→ **Your assignment**
Images do not belong in the copy. Set down all the entries exactly.

** Opening Data section block **

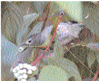
Först var huvudspåret Warbling Vireo. Men det lysande vita partiet runt ögat stämde dåligt med denna nordamerikanska art.
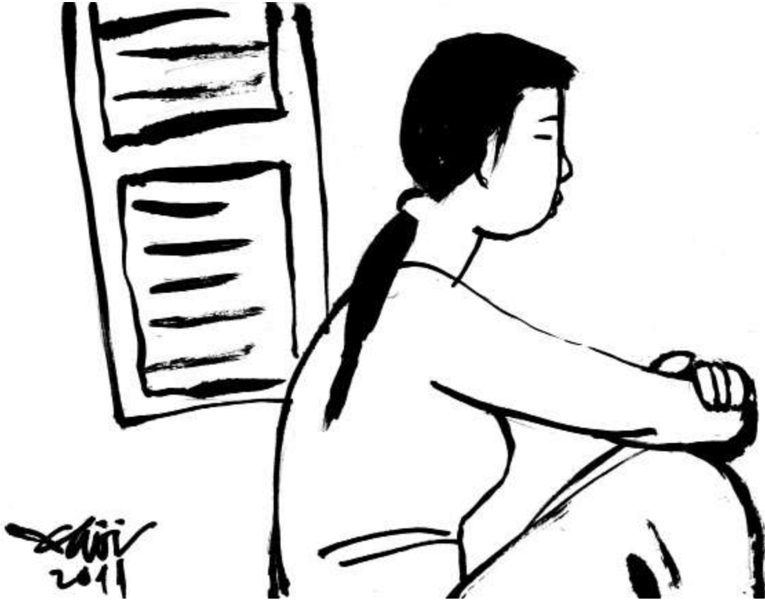
Minh họa: Phạm Minh Hải

Một hôm khác, sau khi hát xong, “mẹ” đột ngột buồn hiu: “San à. Bố con ghét đàn hát xướng ca biết bao. Ông ấy chỉ giỏi tán gái, cái mồm dẻo có chòi có chớp. Không thể làm sao lấy được vợ văn công...”
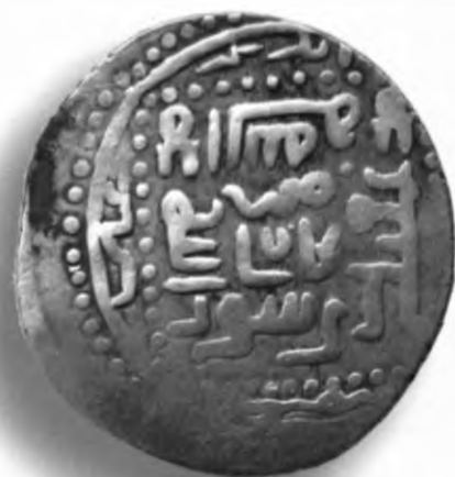
21. Танга, Амир Темур ва Маҳмуд. Язғ. 797/1394–95. В=5,94 гр. Д=24–28мм. кумуш, яхши. ЎзТДМ. Н–401/282. фото сурат № 21
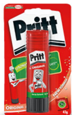
COLLA STICK PRITT 43G 2,90
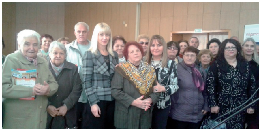
Колективна снимка на участниците в обучението, проведено в Дома на науката и техниката в гр. Гоце Делчев.

** Closing Data section block **

→ **Output below**
Först var huvudspåret Warbling Vireo. Men det lysande vita partiet runt ögat stämde dåligt med denna nordamerikanska art.
Minh họa: Phạm Minh Hải

Một hôm khác, sau khi hát xong, “mẹ” đột ngột buồn hiu: “San à. Bố con ghét đàn hát xướng ca biết bao. Ông ấy chỉ giỏi tán gái, cái mồm dẻo có chòi có chớp. Không thể làm sao lấy được vợ văn công...”
21. Танга, Амир Темур ва Маҳмуд. Язғ. 797/1394–95. В=5,94 гр. Д=24–28мм. кумуш, яхши. ЎзТДМ. Н–401/282. фото сурат № 21
COLLA STICK PRITT 43G 2,90
Колективна снимка на участниците в обучението, проведено в Дома на науката и техниката в гр. Гоце Делчев.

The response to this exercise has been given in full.